Cut to Rose sleeping in the dark. Grandma wakes her up to clean the attic. “Idle hands do the devil’s work!” So Rose dicks around in the attic for a little while and finds a shotgun.
Schooltime. Jocks in a Jeep across from Grandma’s house heckle Rose: “Nice dress!” and I guess it’s supposed to be a dorky dress, but I really like it – a plain gray jumper with big buttons and a black tee.
School hallway. Rose tries to open her locker and the Lead Douche Jock comes over and gives her a hard time until a teacher pushes him up against a locker, giving Rose a creepy smile. He tells Douche Jock to go away, then when Ezra also can’t open it via combination lock, he punches the locker open and Rose falls in love.
“Cute, huh?” says a girl who’s witnessed the exchange and is like a teenier (in size, not age) replica of the girl from “Brady Bunch Movie” who is in love with Marcia. “You better put your tongue back in your mouth; he’s way too old for you,” and she should know, because she is 32. Rose is not hearing it, because she is 27, herself.
The girl’s name is Janie, and she tries to make friends with Rose, but Rose only wants to discuss the teacher whom I shall dub Ezra Fitz. He fittingly teaches Creative Writing.
After school, Janie runs up to Rose again for some reason and they see some jocks, this time led by a dude named Todd who according to Ezra, doesn’t apply himself. Ezra bets Todd that if Ezra loses this b-ball matchup, he’ll give Todd an A in his class. But if Todd loses, he has to apply himself.
They play, and of course, Todd loses. To be fair, this scene, and Ezra’s moral of the story bet would be pretty cool, were it not for the fact that he’s totally all over the attention of Rose and also…
… “Mee-gan,” pronounced thusly. She is the Queen Bee, and threatened by Rose’s newfound position in the school as the object of male desire. Mee-gan’s line delivery is insanely close to Stacey Dash’s in “Clueless” and her face is eerily close to Jaime Pressly’s.
There is NO TIME for Ezra to catch some action off of the enamored teens however, because here is a gloriously generic Blonde Lady Friend of Men Not Boys, here to pick up Ezra whilst wearing a sundress. Rose glares, and Janie goes: “He’s madly in love with her.” Naturally, Rose responds with: “Take me shopping.”
So Rose and Janie go shopping, and in keeping with the ICM theme, Rose steals a bunch of stuff.
More detectives and their spelling bee. They ask an autopsy guy, who actually seems like a pretty decent actor, if there is a chance that either fire victim could have been stabbed.
Now that their day of impromptu basketball games and retail thievery (they shoplifted rather than shopped) has ended, Rose and Janie take the time to park on the Hollywood Hills.
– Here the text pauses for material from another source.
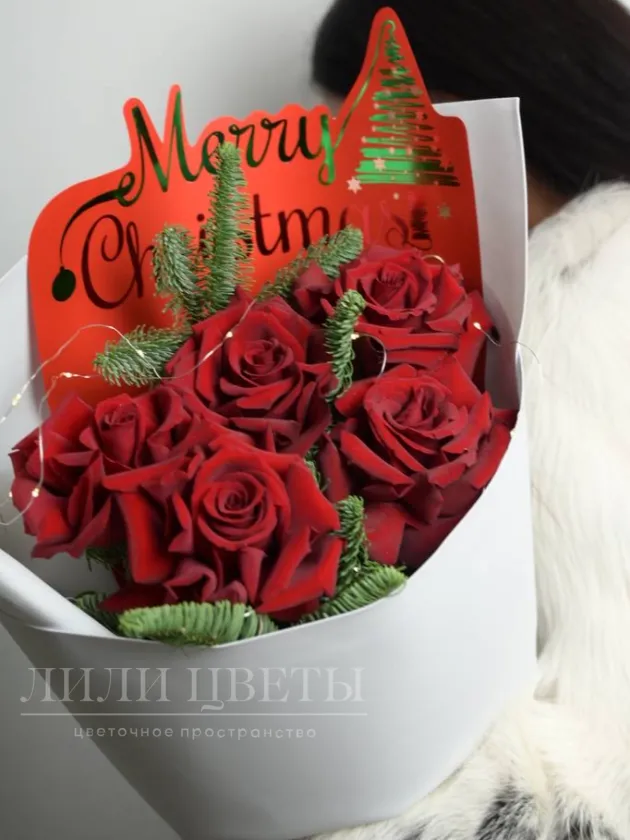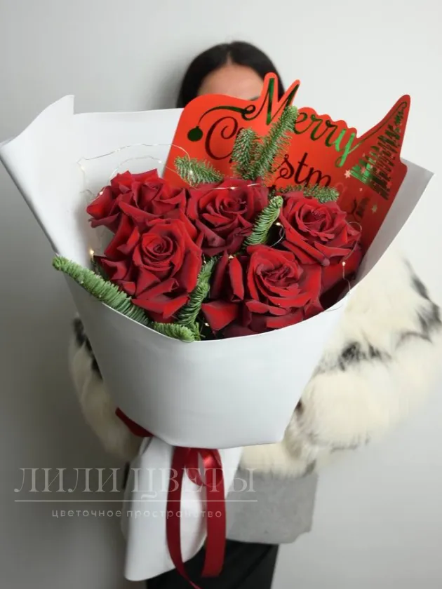 Букет из ажурных роз, нобилиса с гирляндой

Rose pops open some champagne, and I have no idea where she got this champagne; I’m not surprised that Rose would have random hooch on her person at all times, but when did she acquire this big-ass bottle of champagne?
No time to wonder, because Rose pulls out not only the skirt she’s stolen for herself, but a matching one for Janie and SPOILER ALERT; both the gun and the skirt from the first act, go off in the third. Anyway, for some reason, Janie is SHOCKED that Rose has stolen the skirt(s) and tells Rose, “You’re bad.” Rose replies, “In a good way.” With that scintillating dialogue out of the way, they cheers to “Friends!” and lie down on the car.
Those watching the movie at home in hopes of Sapphic action are sorely disappointed, because Rose then goes home. Grandma is super nice and has made cookies. Rose is touched and shows her Soft Side Despite Things. Until! She sees the ghosts/corpses of her mother and mother’s boyfriend, still all burnt up from the fire. But lo! Rose wakes up on the roof of the car; that was a dream, and she tells Janie, “My grandma’s gonna kill me.”
So Rose goes home for realz, and Grandma freaks out. Rose says that it’s only 8 o’clock, but Grandma is mad that the attic’s not clean. In so many ways, this movie is right on the cusp of being an interesting sociological study, like the idea that this woman, albeit Carrie’s mom caricature-crazy, thinks that the arrival of a minor in her home equates to having an indentured servant versus the idea that kids should know how to do chores, and Rose obviously needs some “structure and fucking discipline” TM “American Beauty’s” Jane.
But instead, this movie keeps going for the ridiculous cartoon aspect (not that I’m complaining), and Grandma SLAPS Rose in the face and says that Rose won’t turn into a foul-mouthed tramp like her mother! Tomorrow? Rose is going to clean the garage AND the attic, while I wonder about the order of those two words and ensuing inflection by Grandma who, for all of her over-the-top Carrie’s momness, is actually a decently scary actress.
New day. Rose is walking to school, strips off her hoodie, and transforms into Stephanie Kaye.
Rose walks into class clad in the stolen skirt from aforementioned scene, and a black top that looks like a bikini from 1960s Archie comics. She hands Ezra an apple, and then Ezra goes to write on the board and actually says under his breath, “Oh…MY…,” as he puts his sexual tension into the chalk.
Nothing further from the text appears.